[Start of section]

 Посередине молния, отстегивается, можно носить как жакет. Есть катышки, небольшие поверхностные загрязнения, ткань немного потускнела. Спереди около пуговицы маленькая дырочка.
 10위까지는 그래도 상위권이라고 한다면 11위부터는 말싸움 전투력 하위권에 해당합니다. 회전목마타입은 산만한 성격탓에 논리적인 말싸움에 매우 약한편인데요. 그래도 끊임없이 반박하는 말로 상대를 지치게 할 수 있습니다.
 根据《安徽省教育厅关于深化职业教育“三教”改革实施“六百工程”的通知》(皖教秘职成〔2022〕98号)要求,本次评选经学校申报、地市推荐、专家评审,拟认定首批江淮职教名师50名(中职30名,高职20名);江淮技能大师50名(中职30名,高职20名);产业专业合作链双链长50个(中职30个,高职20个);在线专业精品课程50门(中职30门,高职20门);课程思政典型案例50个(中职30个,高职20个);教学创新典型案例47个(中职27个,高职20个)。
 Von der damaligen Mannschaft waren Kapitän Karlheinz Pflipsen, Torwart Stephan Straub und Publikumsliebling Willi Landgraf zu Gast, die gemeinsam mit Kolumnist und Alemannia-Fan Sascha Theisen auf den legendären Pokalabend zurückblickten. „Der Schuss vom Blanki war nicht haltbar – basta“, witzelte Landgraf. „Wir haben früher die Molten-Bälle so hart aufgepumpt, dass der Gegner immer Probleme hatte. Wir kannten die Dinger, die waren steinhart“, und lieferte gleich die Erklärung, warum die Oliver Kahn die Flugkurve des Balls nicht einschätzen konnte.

[End of section]
[Start of section]

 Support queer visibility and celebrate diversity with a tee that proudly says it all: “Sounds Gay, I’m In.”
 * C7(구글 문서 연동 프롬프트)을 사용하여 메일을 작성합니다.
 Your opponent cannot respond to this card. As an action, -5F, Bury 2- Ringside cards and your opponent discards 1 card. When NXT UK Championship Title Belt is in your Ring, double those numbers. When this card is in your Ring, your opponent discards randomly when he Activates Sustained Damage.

[End of section]

Brief
Word for word, restate the lines above from the line containing "根据《安徽省教育厅关于深化职" through the line containing "Von der damaligen", with both included and nothing else.

Response to the exercise
 根据《安徽省教育厅关于深化职业教育“三教”改革实施“六百工程”的通知》(皖教秘职成〔2022〕98号)要求,本次评选经学校申报、地市推荐、专家评审,拟认定首批江淮职教名师50名(中职30名,高职20名);江淮技能大师50名(中职30名,高职20名);产业专业合作链双链长50个(中职30个,高职20个);在线专业精品课程50门(中职30门,高职20门);课程思政典型案例50个(中职30个,高职20个);教学创新典型案例47个(中职27个,高职20个)。
 Von der damaligen Mannschaft waren Kapitän Karlheinz Pflipsen, Torwart Stephan Straub und Publikumsliebling Willi Landgraf zu Gast, die gemeinsam mit Kolumnist und Alemannia-Fan Sascha Theisen auf den legendären Pokalabend zurückblickten. „Der Schuss vom Blanki war nicht haltbar – basta“, witzelte Landgraf. „Wir haben früher die Molten-Bälle so hart aufgepumpt, dass der Gegner immer Probleme hatte. Wir kannten die Dinger, die waren steinhart“, und lieferte gleich die Erklärung, warum die Oliver Kahn die Flugkurve des Balls nicht einschätzen konnte.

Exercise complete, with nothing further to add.